Do not write raw, technical XML for a before-saving or before-deleting return value. This is technical, hard to read, and doesn't ensure the future maintainability of this return value.

DO:

Use the routine MDM.createReturnMessage() to build the return message value. This abstracts the XML message used in the column, and makes the component much more readable.

Documentation & Labels

As for any other kind of Talend job, documentation is crucial to quickly understand what the process is about. It should be possible to get the maximum of details without having to dig into each component setup.

These are some examples on how you can document the MDM components, sorted from poor to well-documented:
No documentation

This is the standard component, out of the palette. You should avoid having components in your jobs with the standard tMDMInput label, like this one.

Here, it is impossible to guess what entity you're going to read. One can't really understand the logic set in the component.

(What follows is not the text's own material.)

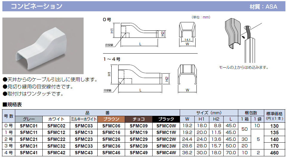 - 電設資材 > マサル工業 > 壁面用配線モール > テープ付ニュー・エフモール > コンビネーション

As a matter of fact, someone that doesn't know the job will have to open the component and read the whole Basic Settings and Advanced Settings to get an idea of what the component is about here, which can be a loss of time, and a hassle when it comes to jobs maintenance.

Poor

This is the default label when you drag and drop a component from the Talend MDM repository metadata to the job.

This gives a first level of information, by showing the name of the entity you're using.

It can be enough if the input isn't filtered, and if it's a very straightforward use of the component.

Fair

This kind of label is interesting when you setup some options in the MDM component (eg. filters in a tMDMInput, partial update in a tMDMOutput).

This gives the developer a rapid, efficient way to understand the component logic in this job.

No need to open the Parameters tab to understand here, everything is explained in the label.

Well-documented (with tooltip)

In some cases, it can be interesting to tick the Show information checkbox, in the Documentation pane, to add a tooltip to the component.

This is mainly used when you need more room to explain a complex logic set in the component, or to add side-notes.

There is no need to set it on every MDM component though. Just keep it only for special or more complex cases when you need a top-notch documentation.